An area of concern that organizations are facing is the safeguard of a customer’s private information (PII). Invariably this is a complex problem as the PII can be in an unstructured format, on different document types submitted via different methods. Due to the complexities of this nature, redaction processing time becomes a factor, especially when large volumes of documents need to be viewed and redacted.
The redaction process can be automated and an exception queue can be set up for manual processing for those cases when a document fails to redact. The manual process requires a user interface (UI) to be used so the user can view the document, redact if necessary and save back to the document management system.
Two processes are required in order to accomplish an automated redaction process. The first is a workflow engine and secondly redaction software. The workflow application controls all I/O functions while the redaction software performs the processing within the individual work-steps. An example of the workflow would be for the workflow engine to make calls on the redaction application which in turn performs certain functions. For instance, the workflow engine retrieves a document from the document management system, makes a call to the redaction application, and the image cleanup and OCR processes are initiated. The workflow application records the history of the process in an extensive log for each event in the process.
The primary worksteps in the process are as follows:
- Image Retrieval – from the document management system document repository
• Image Cleanup – despeckle, deskew, and image enhancement
• OCR – to render document content to text
• Document Identification – in order to determine whether a document needs to be redacted or not
• Application of Redaction Rules – to locate and redact necessary PII fields, identify exceptions for manual redaction, and import back to the document management system
Requires the workflow application to integrate with the document management system document repository.

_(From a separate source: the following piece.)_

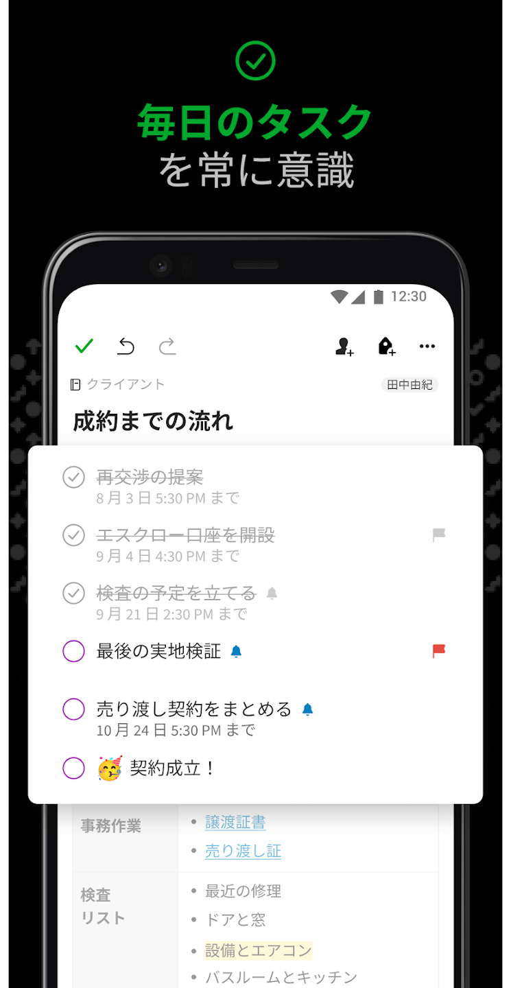 タスク管理:締め切りやリマインダーを設定して、やるべきことを見逃さない。

Image retrieval is accomplished in either automated batch mode or manually one image at a time.
Image quality is difficult to control when the capture process is distributed and the source is unpredictable (fax, multi-function device, scanner). Therefore, it is extremely important to have a work step for image cleanup. The image cleanup process produces a sharper image with a smaller file size. This in turn produces greater redaction accuracy when identifying information on a document and the smaller file size will result in reduced processing times.
Each character is returned with an accuracy confidence value with alternate character information. One incorrect character can drastically change a word; for this reason the recognition engine reports a certainty value for all recognized words. Advanced font information and location information allows the redaction application to create text representations of the original, with a similar layout.
The system administrator sets up a profile for each document type. This profile is used to identify the document and to instruct the application to either redact the document or exclude it from redaction. If the document is excluded from redaction it is imported into the document management system without redaction. If the document is tagged for redaction it is sent to the next step, “Application of Redaction Rules”.
Application of Redaction Rules and Redaction
A comprehensive set of redaction rules are used to locate PII fields that require redaction. The application identifies the beginning and end of the field to be redacted and applies an overlay to obscure the document information. This overlay is user definable and can be a solid color or set of characters. The document is moved to an exception queue if the document was tagged for redaction and the redaction process failed to find any PII. Once in the exception queue users are able to retrieve the document in the manual redaction viewer and then manually redact the document. The redacted document is then imported into the document management system.